Helen, sister of the vampire stalker Reeve, depressed and a wacky sort of a girl. Luckily she meets Kazaf, who immediately takes a shine to her. The two begin an odd courtship, hampered by the fact that Kazaf is suspiciously averse to sunlight and has other odd habits like drinking blood. Will helen know Kazaf is a vampire???
Gypsy signs up to work with the dashing Reeve because he's the hottest vampire hunter around, besides, he has amazing hair. Gypsy tend to Reeve's every need, i.e. cleaning, cooking, and acting like little Missy Homemaker. It could be every young man's dream.

The major for the girls will one day team up to fight vampires themselves, which promises for major buttkicking and wirework courtesy of Donnie Yen. This plotline proves to the "important" one, as an evil western vampire shows up in Hong Kong to snake Kazaf's hide. Apparently, taking out the hottest vampire ever is the only way to lay one's hands on "Day for Night", an ancient book which gives great power, or something like that.

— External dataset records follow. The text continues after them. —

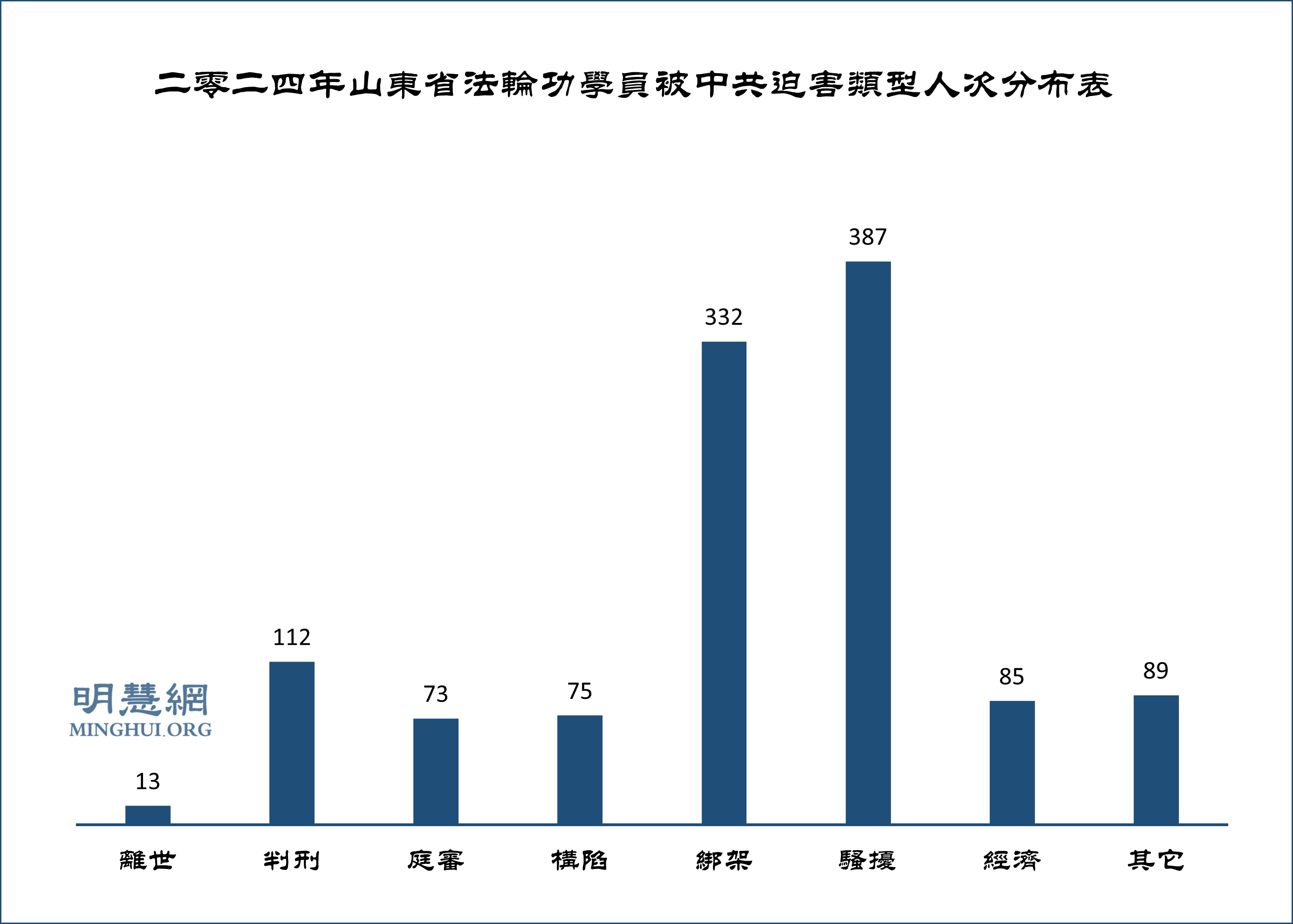 据明慧网数据统计,二零二四年山东省法轮功学员被中共用各种手段迫害总计1166人次,其中,112人被非法判刑,332人被绑架……
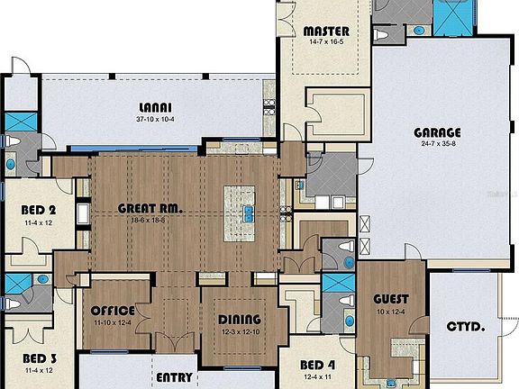 Large seated islandIsland kitchenQuartz countersTextured lanai and porchHigh ceilingsFrench doorsOpen floor plan
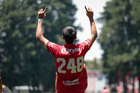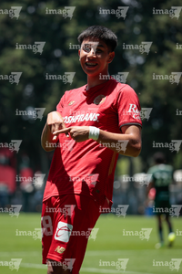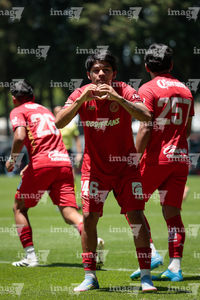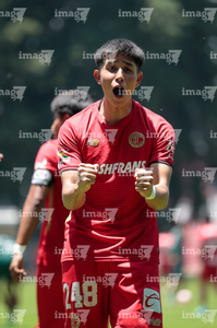 Metepec, Estado de México, 25 de abril de 2026. César Díaz en festejo de gol , durante el partido correspondiente a la jornada 17 del torneo Clausura 2026 de la Liga BBVA MX categoría Sub19, entre los Diablos Rojos del Toluca y los Esmeraldas del León, realizado en las instalaciones de Metepec. Foto: Imago7/Daniel Arriaga
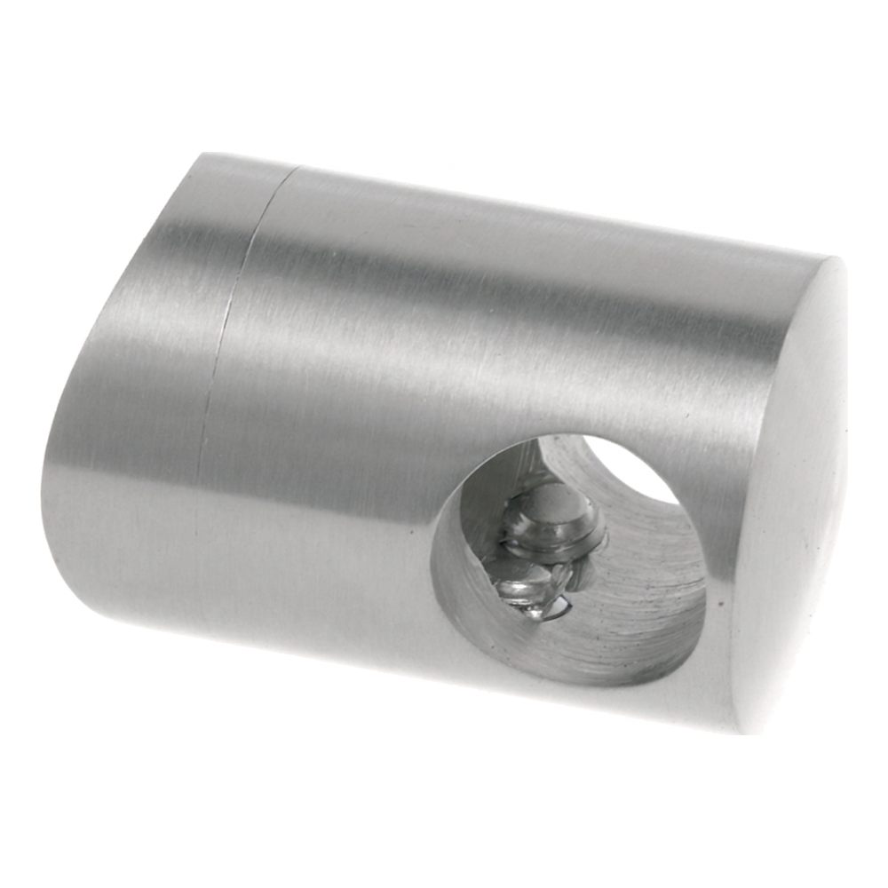 Le support traversant est destiné aux systèmes de balustrades basés sur un tube porteur de diamètre 42,4 mm. Il permet le guidage des barres de remplissage fi 12 mm de manière traversante — la barre traverse le support de part en part, ce qui permet de créer rapidement et précisément des remplissages de balustrades. La finition satinée s'harmonise parfaitement avec les autres éléments en acier inoxydable brossé, assurant un aspect cohérent et moderne de l'ensemble de la construction.
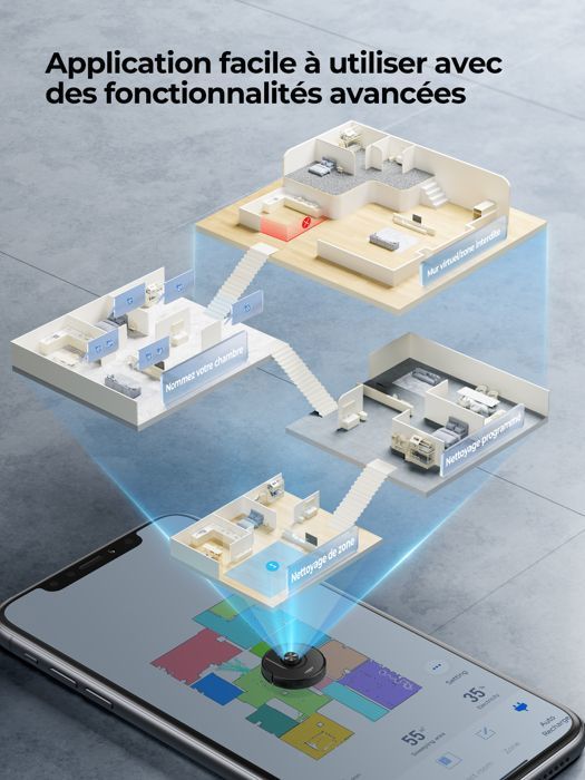 Le robot aspirateur utilise une technologie de cartographie intelligente pour créer une carte détaillée de votre domicile, lui permettant de naviguer efficacement et avec précision lors du nettoyage.

Ekin Cheng is likable and self-effacing as the "old" popstar, and Anthony Wong and Josie Ho manage their small parts well. Jackie Chan's cameo is more than a little out-of-place, and probably could have been done away with, but there's some amusement to his minor turn as a harried groom, which is made all the more fun thanks to a cameo from Karen Mok as the bride. The good-natured silliness of the whole affair proves somewhat charming, such that the bad screenwriting, disjointed plotting, annoying music, egregious supporting actors, and even Edison Chen don't seem to hurt much.